12/2/2008 1:55:00 PM

Hi,
In the std containers erase takes a const_iterator.
I have my own container and there const_iterator is a const pointer
to the item.
I want to free the memory for the item on erase (i.e both destroy &
deallocate).
However deallocate function for allocator (and so delete, free etc)
takes a pointer rather than
a const pointer. Is that mean i have to cast it back to a pointer?

I was looking at std::list. There even a const_iterator returns a non
const node pointer (not very sure though).
Also how this works ? does the operator delete automatically cast it
to a non const type ?
const testobj* to = new testobj(1,1);
delete to;

In C, while this works
char* ch = (char*)std::malloc(5);
std::free(ch);
for a const pointer i explicitly need to cast it back like,
const char* ch = (const char*)std::malloc(5);
std::free((char*)ch);//or std::free(void*)ch);

Thanks
abir
3 Answers

Maxim Yegorushkin

12/2/2008 3:06:00 PM

0

On Dec 2, 1:55 pm, abir <abirba...@gmail.com> wrote:
> Hi,
>   In the std containers erase takes a const_iterator.

This is not so.

In std containers erase member function is a non-const member
function, because it changes the container contents. It would not be
logical for that function to accept const_iterator.
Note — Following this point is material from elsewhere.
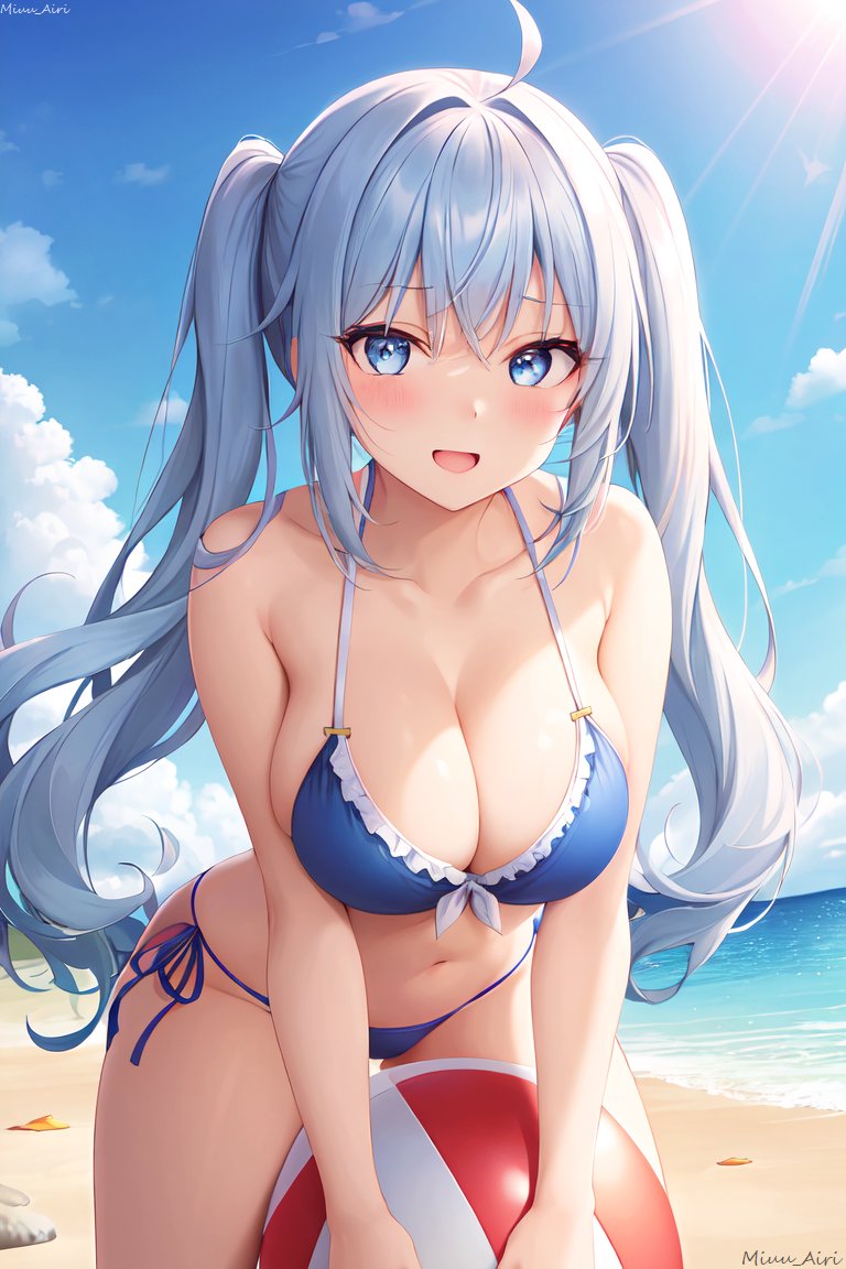ビーチボールで遊ぶ青髪のお姉さん(水着)

>   I have my own container and there const_iterator is a const pointer
> to the item.
>   I want to free the memory for the item on erase (i.e both destroy &
> deallocate).
>  However deallocate function for allocator (and so delete, free etc)
> takes a pointer rather than
>  a const pointer. Is that mean i have to cast it back to a pointer?

Make your_container::erase() accept non-const iterators.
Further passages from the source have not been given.